Introdujo en el traje de novia aquellas partes de su cuerpo que el diseño permitía y se subió al taburete. Carmelita empezó a dar vueltas, observando cada detalle y tomando notas. Cuando no apuntaba números sin sentido en el cuadernito, mordía nerviosa el tapón del boli. Le quedaba estrecho, pero eso era algo con lo que ya contaba. Tanto gimnasio…

 —¡Hala! Bájate, ya te lo puedes quitar. Hay que abrir las costuras y meterle un añadido por aquí y por aquí también; cerrar un poco el escote, ensanchar las mangas y agrandar la cintura tres o cuatro palmos. ¡Bueno!, tenemos tela de sobra, que ya no se llevan las colas tan largas. —sentenció. 

No había servido de nada. Carmelita estaba dispuesta a todo para que ese vestido, sacado de un Burda de los años 50, protagonizara la boda de María y Arturo.

—No puedo llevarle la contraria. Le daría un disgusto. Y el médico ha dicho…

—¿Me lo dices en serio? No me lo puedo creer. Pero, ¿no te das cuenta de que sólo quiere salirse con la suya? ¡Que no puedes llevar ese vestido, por mucho que lo arregle! No es lo que habíamos hablado. Tenías que decirle que no. ¡Tienes que decirle que no!

—La verdad es que es un poco ostentoso.

—¿Ostentoso? Es totalmente inapropiado. ¿Y tu padre qué dice?

—Nada. Está de acuerdo con nosotros, pero tampoco se atreve a llevarle la contraria. Ya sabes, la tradición es la tradición.

—Pues estamos apañados. En fin, tú sabrás lo que haces.

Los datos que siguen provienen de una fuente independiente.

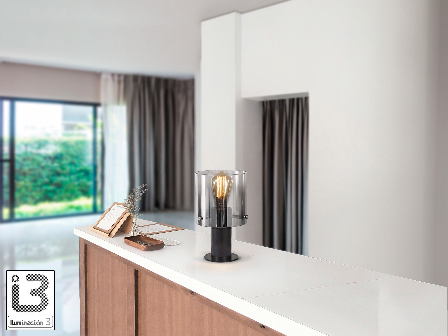 Настольная лампа из металла, покрытого матовым чёрным лаком. Абажур из дымчатого стекла. Цоколь E27.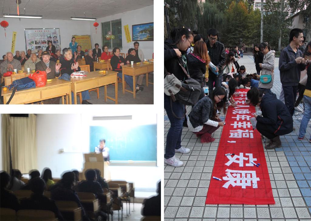22日下午,在校图书馆前举行了“我向长辈送祝福”的学生签名行动,同学们积极参与,认真的把自己最真挚的祝福送给长辈;23日上午,黑料不打烊 组织了一支20人的爱心志愿者小队来到星光老人院。福利院的工作人员和老人们对我们的到来表示热烈的欢迎和感谢,同学们和老人曲膝交心。有的同学积极的为老人们整理生活环境;有的和老人们聊天。最后,同学们拿出了自己的礼物送给老人们,学生代表也将签名祝福及书画送给了老人们; 23日晚上,在教6501教室学生会组织开展了“重阳节习俗”讲座及观影活动,通过真实事例告诉大家尊老爱老的传统,告诉大家“老人的今天,就是我们的明天”。一部《桃姐》的影片,深深的感染了每一位同学,会后同学们感触颇多,纷纷表示要多关心长辈,让爱心不断传递。
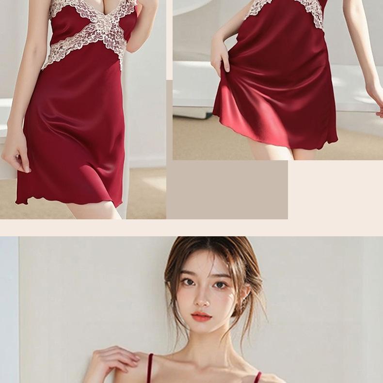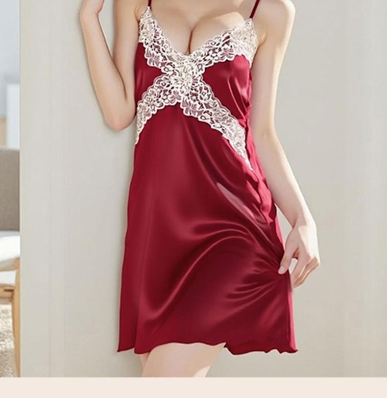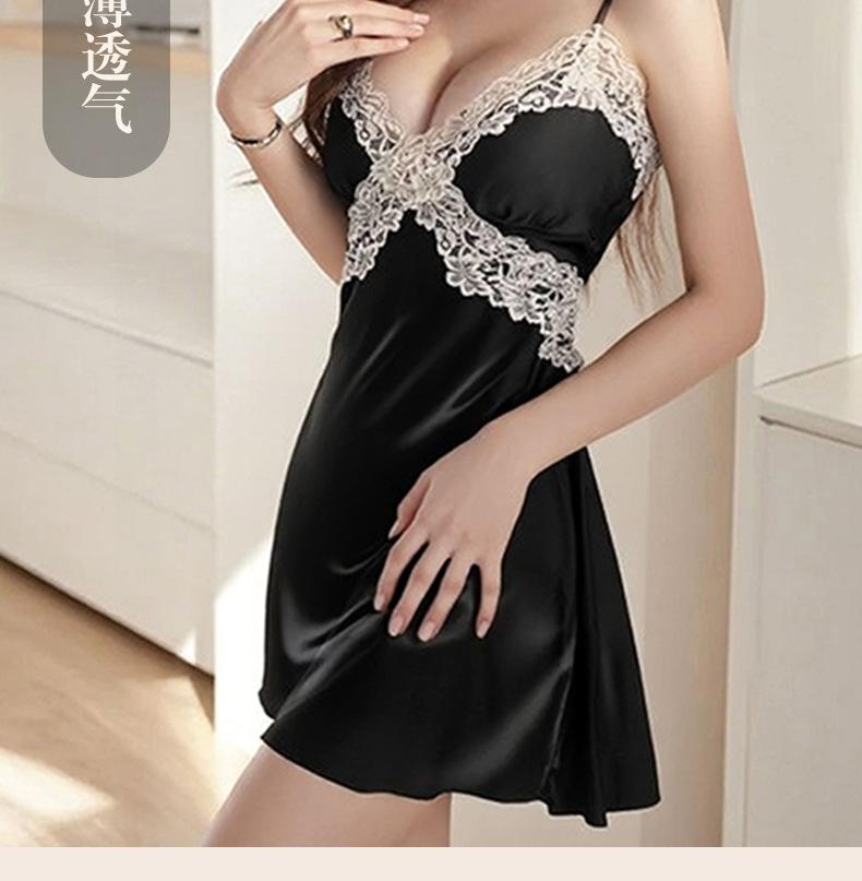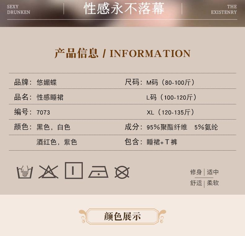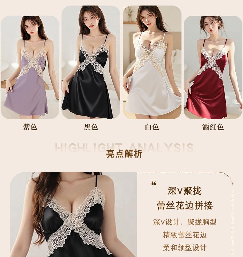 Black nightgown + T pants, White nightdress + T pants, Burgundy nightgown + T-back, Purple nightgown + thong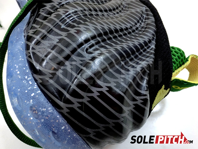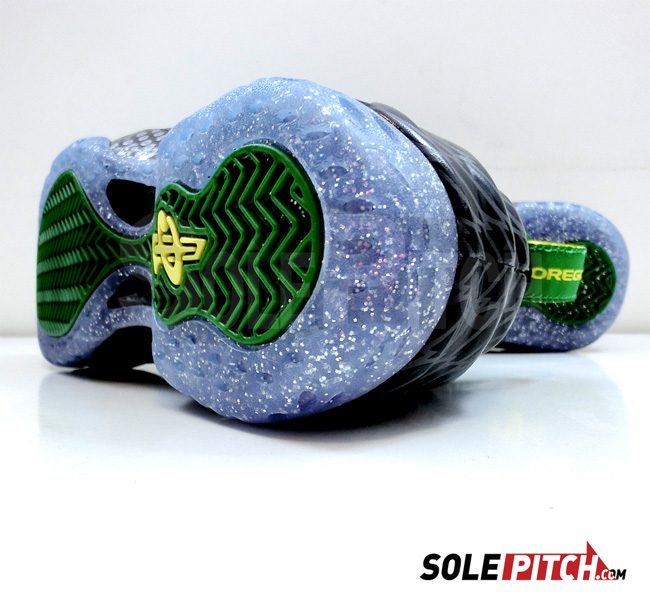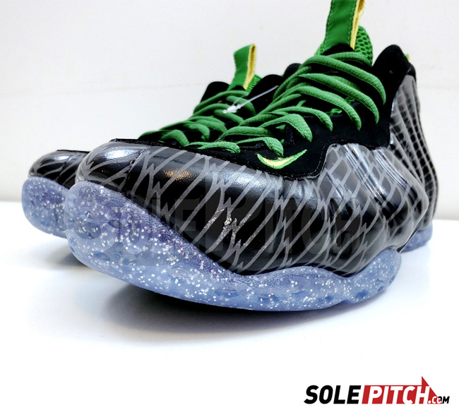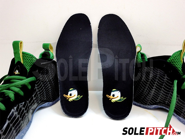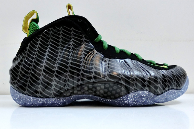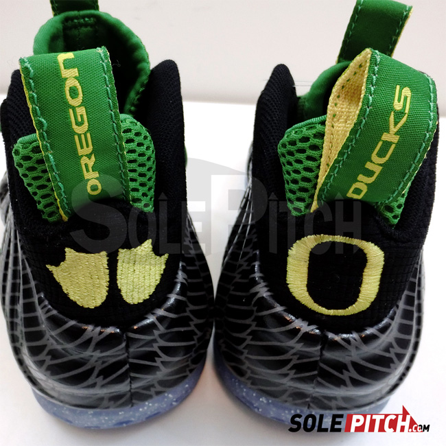 完美精致的细节一直是俄勒冈鸭子版球鞋的主要特点,这款 Nike Air Foamposite One "Oregon Ducks" 也不例外。 整体采用了经典的俄勒冈黑绿配色,发泡材质的鞋面上布满了鸭子羽毛般的图纹,鞋后跟和鞋提上都有俄勒冈的 LOGO 和文字,鞋舌和鞋垫上都有俄勒冈鸭子的卡通图案,雪花水晶大底也异常抢眼。 货号:652110-001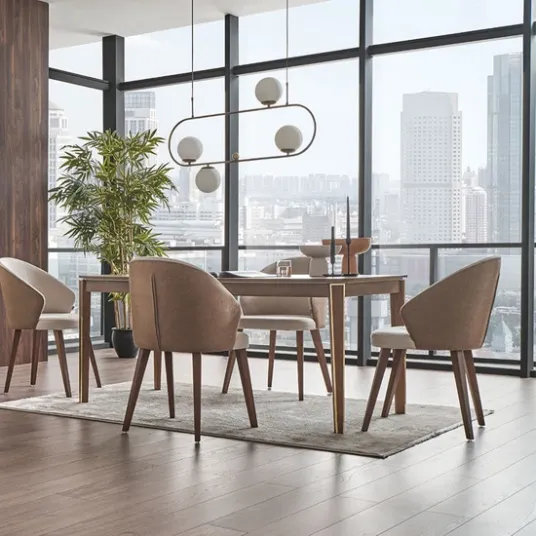 Dimensiuni exterioare: Lungime: 200 cm Latime: 100 cm Inaltime: 75 cm Articol: 3200386275. Colectia: Likya Culoare: Nuc / Gold Material: Pal Cu acest mobilier extraordinar veti petrece momente speciale in confortul casei dumneavoatra. Mobilierul din colectia Likya combina armonios designul modern cu utilitatea. Forma interesanta in combinatie cu liniile geometrice vor crea o atmosfera relaxanta. Masa Likya se integreaza perfect in sufrageria dumneavoastra si creeaza un puternic efect vizual. Detalii tehnice: Produsul este realizat din pal laminat. Respecta toate standardele de calitate ale UE. Articol: 3200386275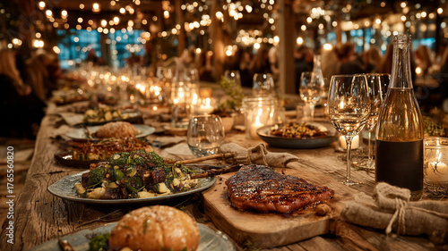 Fototapeta premium Communal dining experience with diverse group set in cozy ambiance
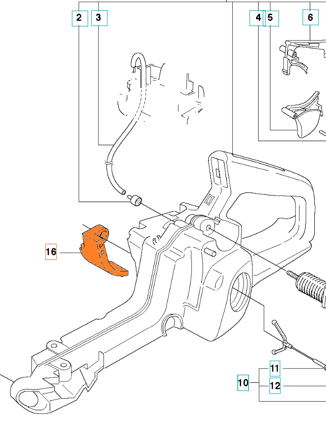 Osłona zbiornika paliwa, inaczej nazywana fartuchem, przeznaczona do pilarek spalinowych Husqvarna i Jonsered. Oryginalny numer katalogowy: 503964301 - producent Husqvarna.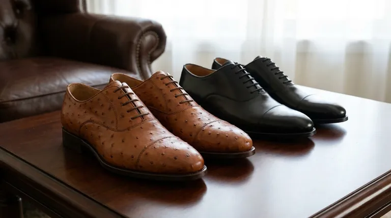 Выбор между страусиной и традиционной кожей — это выбор между выразительной, текстурной роскошью и классической, сдержанной формальностью. Страусиная кожа превосходно заявляет о себе визуально и обеспечивает превосходный комфорт, в то время как традиционная кожа предлагает непревзойденную универсальность для консервативных и профессиональных ситуаций.

El día de la boda de María y Arturo, Carmelita estaba feliz y orgullosa de su creación, y deseosa de escuchar los comentarios envidiosos de su tía Encarna, de su prima Marga y de su hermana Laly. Le había costado lo suyo arreglar el vestido con las nuevas medidas y adaptarlo a los nuevos tiempos. Su madre —que en gloria esté, pensó—, la observaría con satisfacción desde las alturas.

Cuando sonaron los primeros acordes de la Marcha Nupcial de Mendelssohn, cesaron los cuchicheos. Los invitados se pusieron de pie y giraron sus cabezas hacia la puerta principal de la iglesia para ver entrar a María. Caminaba con paso seguro hacia el altar a pesar de los nervios. Nunca se había sentido tan guapa.

A Arturo, sin embargo, le costaba respirar. El corsé le apretaba y se le veían los pelos del pecho por encima del escote. Carmelita no había tomado bien las medidas.